Foot and Ankle Patient Education Materials and Artificial Intelligence Chatbots: A Comparative Analysis

Aarav S Parekh; Joseph A S McCahon; Amy Nghe; David I Pedowitz; Joseph N Daniel; Selene G Parekh

doi:10.1177/19386400241235834

Foot and Ankle Patient Education Materials and Artificial Intelligence Chatbots: A Comparative Analysis

Foot Ankle Spec. 2024 Mar 19:19386400241235834. doi: 10.1177/19386400241235834. Online ahead of print.

Authors

Aarav S Parekh¹, Joseph A S McCahon², Amy Nghe¹, David I Pedowitz¹, Joseph N Daniel¹, Selene G Parekh¹

Affiliations

¹ Rothman Orthopaedic Institute, Philadelphia, Pennsylvania.
² Jefferson Health NJ, Stratford, New Jersey.

PMID: 38504411
DOI: 10.1177/19386400241235834

Abstract

Background: The purpose of this study was to perform a comparative analysis of foot and ankle patient education material generated by the AI chatbots, as they compare to the American Orthopaedic Foot and Ankle Society (AOFAS)-recommended patient education website, FootCareMD.org.

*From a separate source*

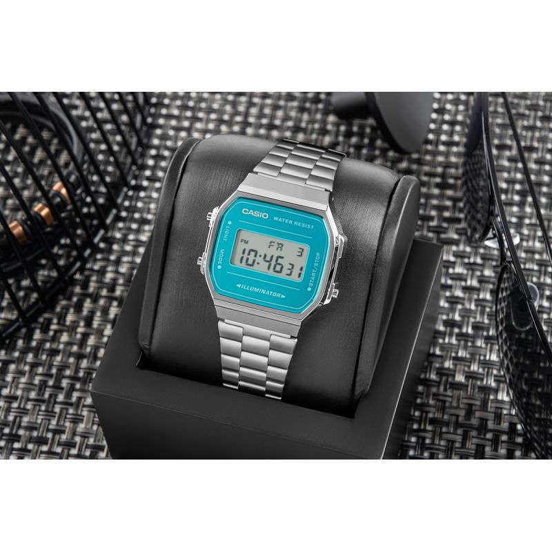 Nicht jede Uhr vereint klassischen Stil mit Charakter, doch diese schafft es mühelos. Die Casio A168WEM-2EF ist eine Rückkehr zu ihren Wurzeln in ihrer schönsten Form – schlicht, gut ablesbar, mit einem türkisfarbenen Zifferblatt in Spiegelglanz , das die Blicke auf sich zieht, ohne aufdringlich zu wirken. Das verchromte Gehäuse und das passende Stahlarmband bilden ein harmonisches Ganzes – schlicht, elegant und unaufdringlich. Diese Uhr braucht keine Trends. Sie hat ihre eigenen längst gesetzt. Das Modell verfügt über die Standard-Digitalanzeige: Stunde, Minute, Sekunde, Uhrzeit (PM), Datum und Wochentag. Und wenn es darauf ankommt, hat sie alles, was Sie brauchen. Eine Stoppuhr mit 1/100-Sekunden-Messung , eine Zwischenzeitfunktion, ein Tagesalarm und ein Stundensignal – praktische Funktionen in einem eleganten Design. Am Abend, wenn das Licht schwindet, genügt ein einziger Knopfdruck – die elektrolumineszierende blaugrüne Hintergrundbeleuchtung erhellt das Zifferblatt und verleiht ihm eine einzigartige Atmosphäre. Das Modell ist außerdem spritzwassergeschützt – denn das Leben fragt nicht, ob Sie einen Regenschirm dabei haben.

Methods: ChatGPT, Google Bard, and Bing AI were used to generate patient educational materials on 10 of the most common foot and ankle conditions. The content from these AI language model platforms was analyzed and compared with that in FootCareMD.org for accuracy of included information. Accuracy was determined for each of the 10 conditions on a basis of included information regarding background, symptoms, causes, diagnosis, treatments, surgical options, recovery procedures, and risks or preventions.

Results: When compared to the reference standard of the AOFAS website FootCareMD.org, the AI language model platforms consistently scored below 60% in accuracy rates in all categories of the articles analyzed. ChatGPT was found to contain an average of 46.2% of key content across all included conditions when compared to FootCareMD.org. Comparatively, Google Bard and Bing AI contained 36.5% and 28.0% of information included on FootCareMD.org, respectively (P < .005).

Conclusion: Patient education regarding common foot and ankle conditions generated by AI language models provides limited content accuracy across all 3 AI chatbot platforms.

Level of evidence: Level IV.

Keywords: Bing; ChatGPT; Google Bard; artificial intelligence; large language models; patient education.